Here are some interesting project I have done in my courses and spare time, you are welcome to discuss any details with me.


2D Game Development in NUS School of Computing Summer Workshop

Lecturer: Kelvin Sung, Jun 2023

  • Actively participated in the entire game development process, from the initial proposal, creating prototypes, and rough demos, through alpha and beta testing, to the final player testing and game release.
  • Build a solid turn-based game system to support multiple players and their skill casting at arbitrary time, using Unity and C#.
  • Achieved an A+ score (top 5% in the course), and our game secured the 2nd place in the final showcase. Remarkably, this was accomplished without any prior hands-on experience in Unity, while competing against seasoned game developers in the course.

DAMO Academy & ModelScope Practical AIGC Training Program

Aug 2023 - Sep 2023

  • Created stylized AIGC styles based on base model majicMix-v6 by prompt-engineering to create solid art style, and trained LoRA to make New Year Style portraits.
  • Integrated new styles we create into facechain, a deep-learning toolchain for generating your DigitalTwin released by modelscope.
  • Won 3rd prize in the 6th Open Source Innovation Competition for the new portrait style we provided.

Zhejiang University B/S Software Development Course (96/100)

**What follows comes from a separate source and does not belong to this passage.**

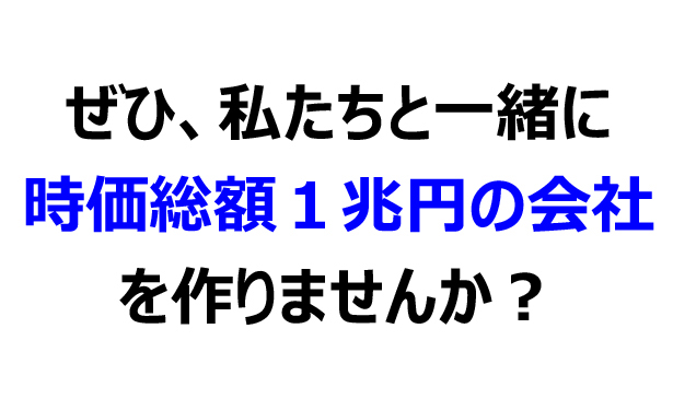 今、時価総額1兆円の企業にしたい、と言いましたが、今から、1兆円規模の会社に入っても、歯車の一つに過ぎませんが、これから1兆円を目指す会社が目の前にあり、その会社が、まだ100分の1ぐらいの規模の時に入社し、7年後に1兆円の企業にすることが出来れば、とてつもない実力がつくと思いますし、エキサイティングだと思いませんか? 私たちのビジョンに、ワクワクしたり、「これだ!」と感じたものがあったなら、ぜひとも当社に入社いただきたいと思います。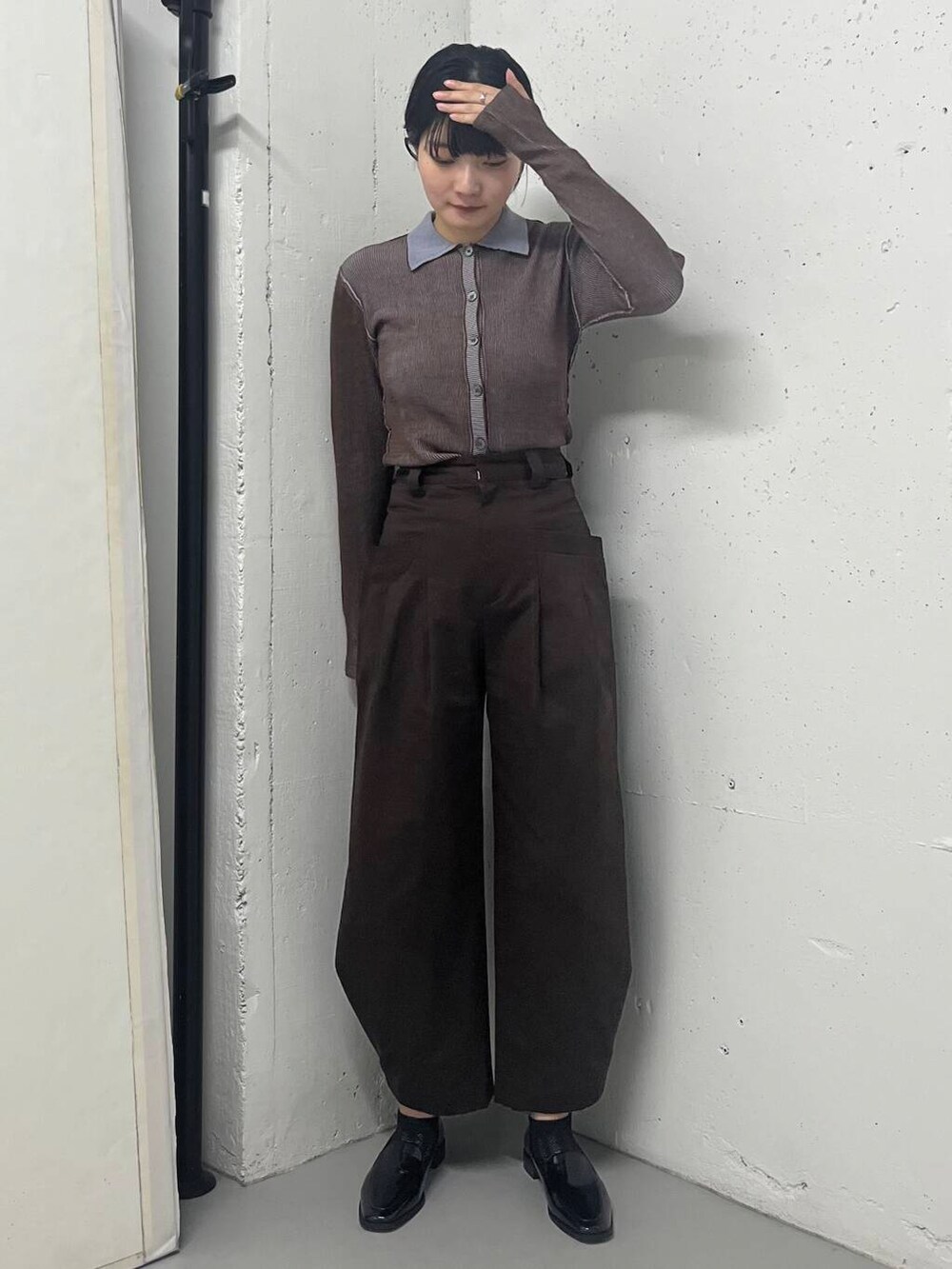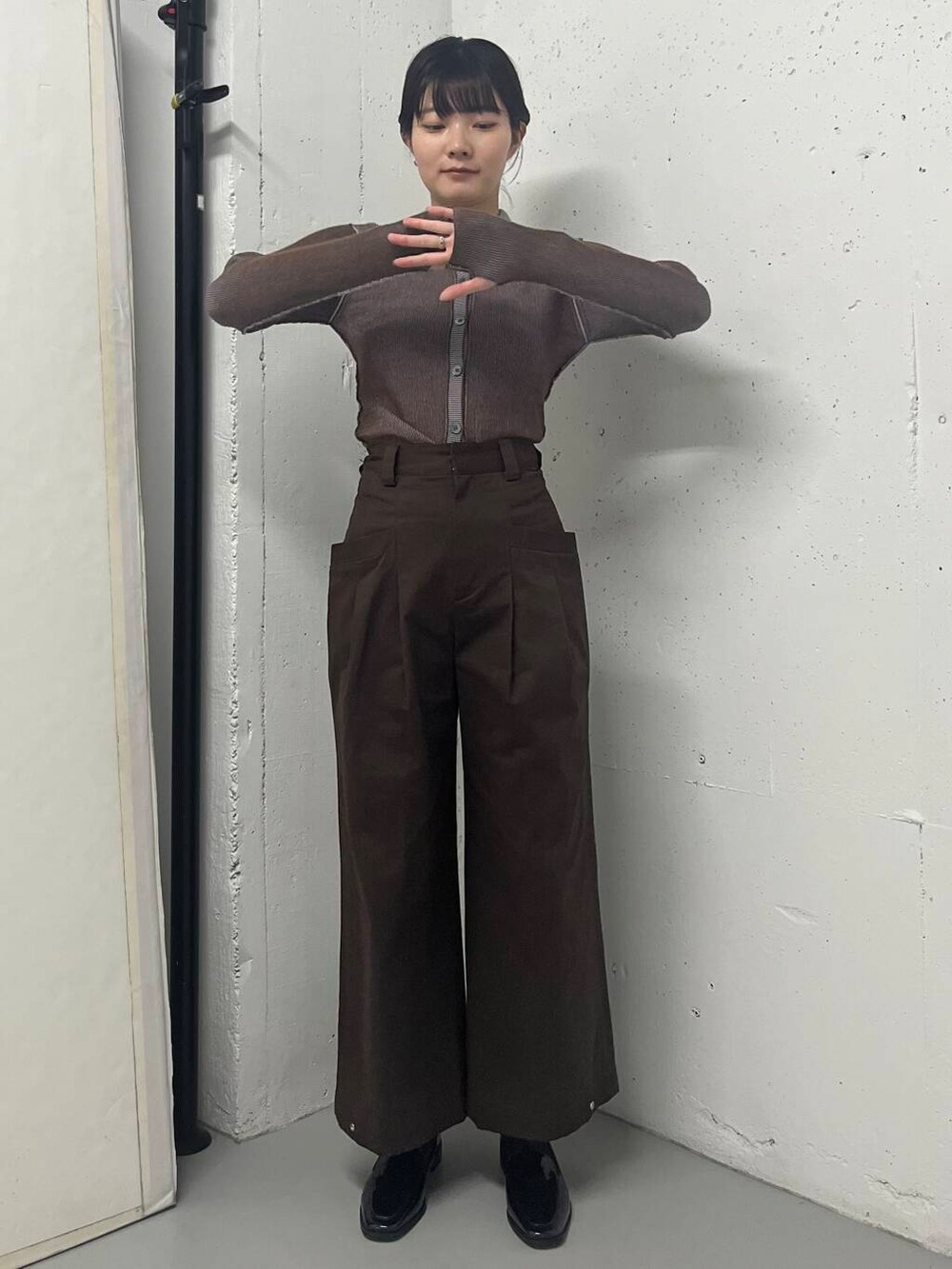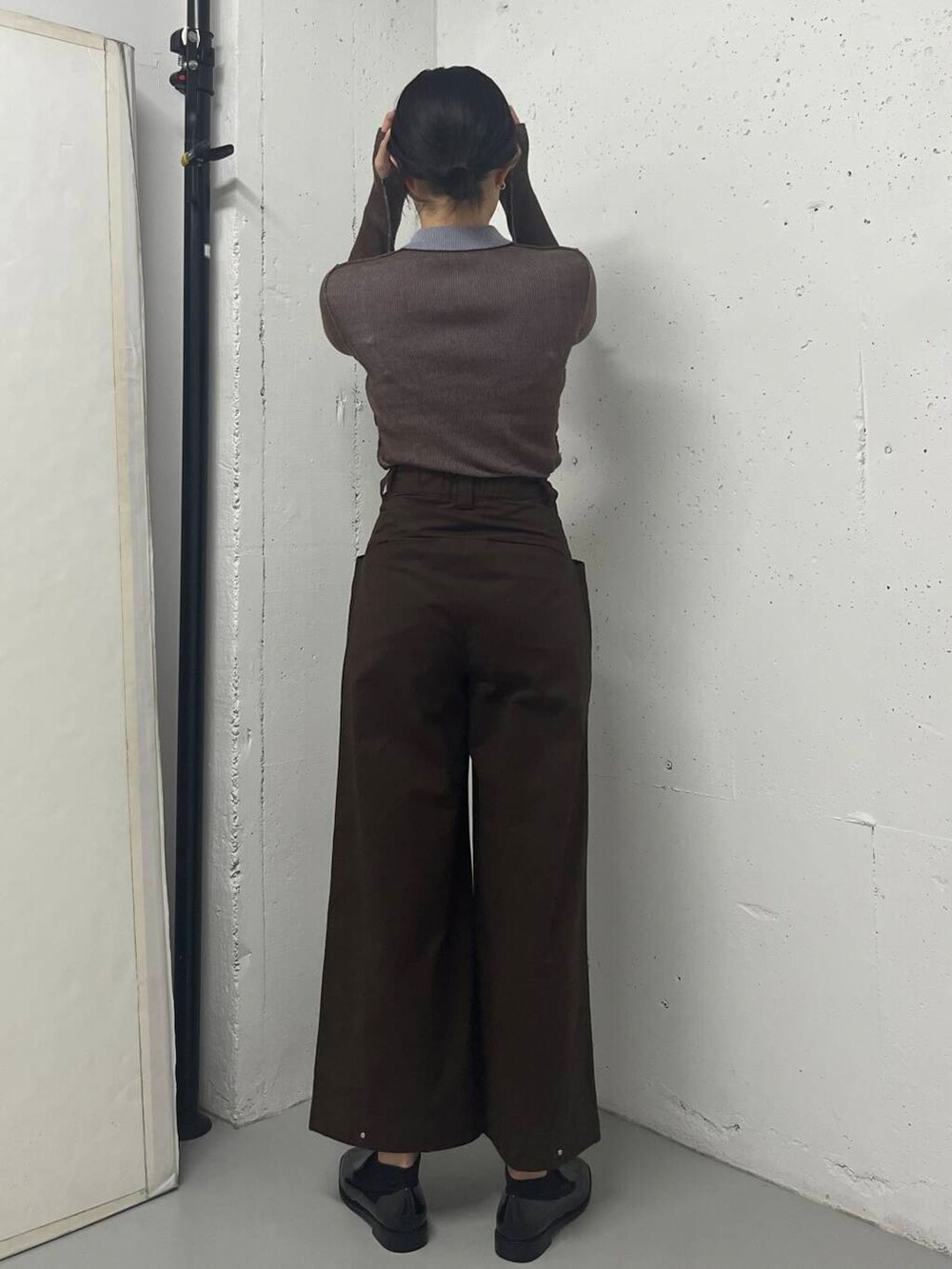 パンツの裾に釦がついているのでコーデに合わせて雰囲気を変えられるのがお気に入りポイントです!

Course Project: Building a MQTT server for managing Internet of Things (IoT) devices.*

  • Utilized the UmiJS framework, Ant Design component library and React to build a user interface for device management. Implemented features include login authentication, data analytics, and device location tracking.
  • Adopted Go as the programming language for backend development, integrated with the Gin framework for efficient architecture, and utilized GORM for seamless database operations, all while working with a MySQL database.